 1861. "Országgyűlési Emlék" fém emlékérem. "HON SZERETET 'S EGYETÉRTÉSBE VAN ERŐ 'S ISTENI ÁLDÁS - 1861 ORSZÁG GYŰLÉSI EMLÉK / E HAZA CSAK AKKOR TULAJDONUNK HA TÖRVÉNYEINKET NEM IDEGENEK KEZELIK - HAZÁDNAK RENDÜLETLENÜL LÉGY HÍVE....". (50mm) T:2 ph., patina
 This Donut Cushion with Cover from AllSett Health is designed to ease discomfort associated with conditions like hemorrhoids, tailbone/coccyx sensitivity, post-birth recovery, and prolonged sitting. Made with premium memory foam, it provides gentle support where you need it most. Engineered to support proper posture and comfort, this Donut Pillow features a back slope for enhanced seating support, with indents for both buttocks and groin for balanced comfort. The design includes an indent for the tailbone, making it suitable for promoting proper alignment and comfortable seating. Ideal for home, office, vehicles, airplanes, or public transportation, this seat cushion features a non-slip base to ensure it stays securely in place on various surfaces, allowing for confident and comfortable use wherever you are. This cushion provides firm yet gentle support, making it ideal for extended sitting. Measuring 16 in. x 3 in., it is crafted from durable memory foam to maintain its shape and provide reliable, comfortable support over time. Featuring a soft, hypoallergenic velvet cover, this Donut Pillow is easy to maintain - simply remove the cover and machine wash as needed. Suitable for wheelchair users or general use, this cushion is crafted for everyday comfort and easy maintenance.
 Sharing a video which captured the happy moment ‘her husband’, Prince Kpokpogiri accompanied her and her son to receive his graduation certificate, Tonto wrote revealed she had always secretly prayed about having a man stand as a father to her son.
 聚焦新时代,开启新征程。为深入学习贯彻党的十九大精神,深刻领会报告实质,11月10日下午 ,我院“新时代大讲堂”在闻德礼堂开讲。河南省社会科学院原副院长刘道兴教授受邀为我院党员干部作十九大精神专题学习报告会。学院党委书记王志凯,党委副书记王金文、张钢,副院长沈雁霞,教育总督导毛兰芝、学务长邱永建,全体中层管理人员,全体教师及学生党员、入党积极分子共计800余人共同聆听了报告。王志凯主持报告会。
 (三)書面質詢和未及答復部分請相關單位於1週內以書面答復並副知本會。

•••

• **What this task involves**
Lines from the one containing "Sharing a video" through the last line of the listing are to be restated word for word; no other line may appear.

• **Exercise solution**
 Sharing a video which captured the happy moment ‘her husband’, Prince Kpokpogiri accompanied her and her son to receive his graduation certificate, Tonto wrote revealed she had always secretly prayed about having a man stand as a father to her son.
 聚焦新时代,开启新征程。为深入学习贯彻党的十九大精神,深刻领会报告实质,11月10日下午 ,我院“新时代大讲堂”在闻德礼堂开讲。河南省社会科学院原副院长刘道兴教授受邀为我院党员干部作十九大精神专题学习报告会。学院党委书记王志凯,党委副书记王金文、张钢,副院长沈雁霞,教育总督导毛兰芝、学务长邱永建,全体中层管理人员,全体教师及学生党员、入党积极分子共计800余人共同聆听了报告。王志凯主持报告会。
 (三)書面質詢和未及答復部分請相關單位於1週內以書面答復並副知本會。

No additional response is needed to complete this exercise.